A saúde como forma de política de morte: por onde anda o Departamento de Aids?

Governo mudou nome do departamento sobre DSTs por decreto, excluindo a palavra Aids. Mudança em um governo conservador e em meio à crise econômica pode invisibilizar políticas na área

Ação do Instituto de Infectologia Emílio Ribas solta 10 mil balões vermelhos em São Paulo para celebrar luta contra a Aids.
Ação do Instituto de Infectologia Emílio Ribas solta 10 mil balões vermelhos em São Paulo para celebrar luta contra a Aids.Rovena Rosa (Agência Brasil)

O Brasil foi pioneiro mundial na construção de respostas governamentais à epidemia de HIV/Aids.
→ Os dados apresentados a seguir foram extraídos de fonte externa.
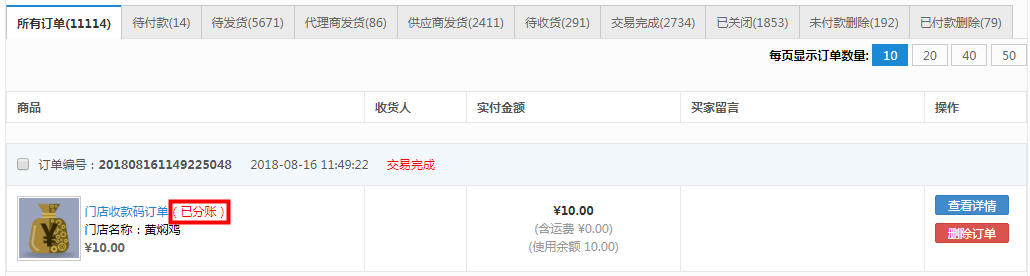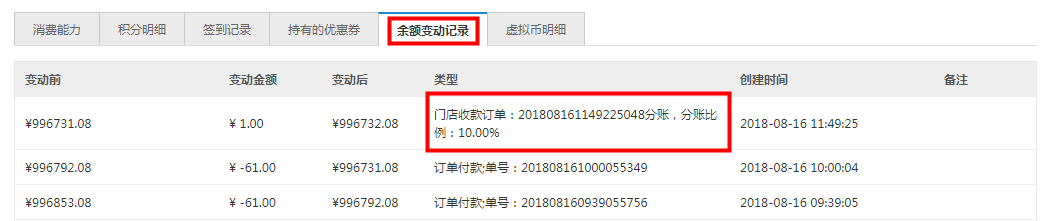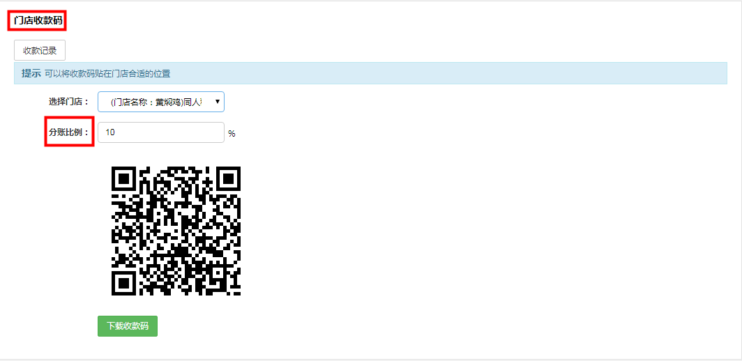 門店收款碼可以為每個(gè)門店設(shè)置分賬比例,默認(rèn)為0。設(shè)置分賬的門店生成的訂單都會(huì)顯示相應(yīng)分賬記錄,同時(shí)分賬的金額會(huì)返還給門店余額(會(huì)員余額)。
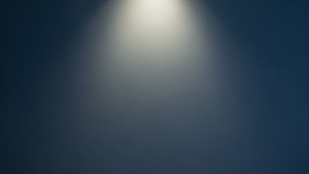 Textured showing soft spotlight beam illuminating a dark navy blue gradient background with subtle texture and light...
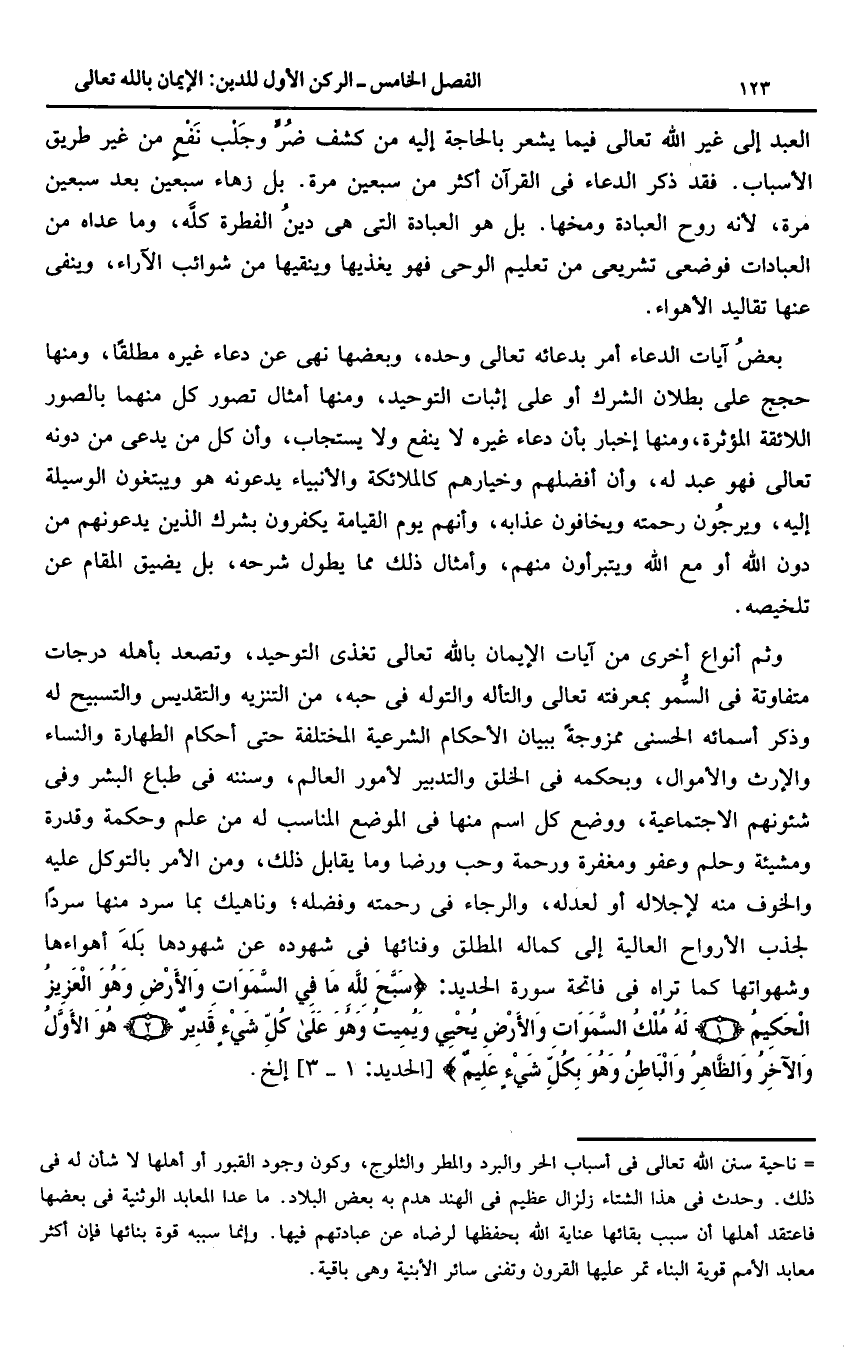 وثم أنواع أخرى من آيات الإيمان بالله تعالى تغذى التوحيد، وتصعد بأهله درجات متفاوتة فى السّمو بمعرفته تعالى والتأله والتوله فى حبه، من التنزيه والتقديس والتسبيح له وذكر أسمائه الحسنى ممزوجة ببيان الأحكام الشرعية المختلفة حتى أحكام الطهارة والنساء والإرث والأموال، وبحكمه فى الخلق والتدبير لأمور العالم، وسننه فى طباع البشر وفى شئونهم الاجتماعية، ووضع كل اسم منها فى الموضع المناسب له من علم وحكمة وقدرة ومشيئة وحلم وعفو ومغفرة ورحمة وحب ورضا وما يقابل ذلك، ومن الأمر بالتوكل عليه والخوف منه لإجلاله أو لعدله، والرجاء فى رحمته وفضله؛ وناهيك بما سرد منها سردا لجذب الأرواح العالية إلى كماله المطلق وفنائها فى شهوده عن شهودها بله أهواءها وشهواتها كما تراه فى فاتحة سورة الحديد: سَبَّحَ لِلَّهِ ما فِي السَّماواتِ وَالْأَرْضِ وَهُوَ الْعَزِيزُ الْحَكِيمُ (1) لَهُ مُلْكُ السَّماواتِ وَالْأَرْضِ يُحْيِي وَيُمِيتُ وَهُوَ عَلى كُلِّ شَيْءٍ قَدِيرٌ (2) هُوَ الْأَوَّلُ وَالْآخِرُ وَالظَّاهِرُ وَالْباطِنُ وَهُوَ بِكُلِّ شَيْءٍ عَلِيمٌ [الحديد: 1 - 3] إلخ.
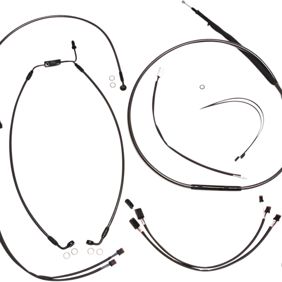 Caracteristicas: The only complete kits with matching braided cables and brake lines Kits include throttle and idle cables of throttle-by-wire extensions, clutch cable or hydraulic clutch line, brake lines, copper crush washers, hardware, and any necessary switch wiring of turn signal extension All cables are a low-effort, high-efficiency design that meets or exceeds all OE specifications for fitment, construction, endurance Kits for dual disc models include an all brazed manifold that eliminates leaks, alignment problems and unattractive threaded connections Assembled in the U.S.A. Kits are based on using ape hanger style handlebars with 2” risers
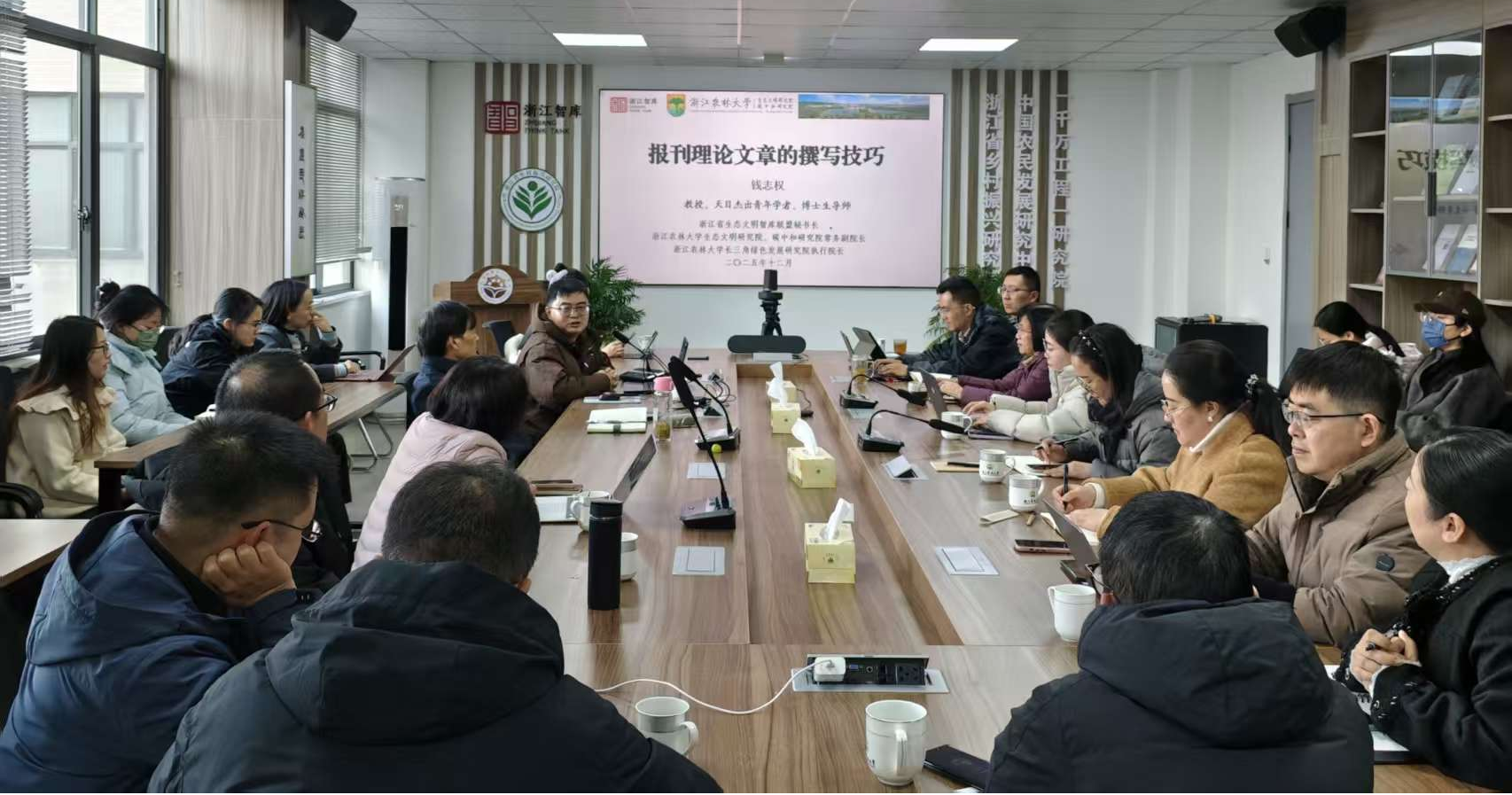 2025年12月26日,由浙江农林大学浙江省乡村振兴研究院与经济管理学院联合主办的“乡村振兴大讲堂”第39期暨“经管学术论坛”第131期在浙江农林大学衣锦校区顺利举行。本次讲堂特邀浙江农林大学生态文明研究院常务副院长钱志权教授担任主讲嘉宾,以“报刊理论文章的撰写技巧”为主题,为与会师生带来了一场兼具理论深度与实践指导的精彩讲座。乡村振兴研究院院长沈月琴教授等40余位师生参会,会议由乡村振兴研究院首席专家、副院长张俊飚教授主持。

Em 1986 foi criada a Coordenação Nacional DST/Aids, depois denominado de Departamento de IST, Aids e Hepatites Virais, vinculado ao Ministério da Saúde. No dia 17 de maio de 2019 recebe a mais nova denominação “Departamento de Doenças de Condições Crônicas e Infecções Sexualmente Transmissíveis” por meio do Decreto nº 9.795. O que quero destacar é que não se trata apenas uma questão de nomenclatura, mas é interessante no atual contexto político a exclusão da palavra Aids do Departamento. Voltaremos a essa questão no texto.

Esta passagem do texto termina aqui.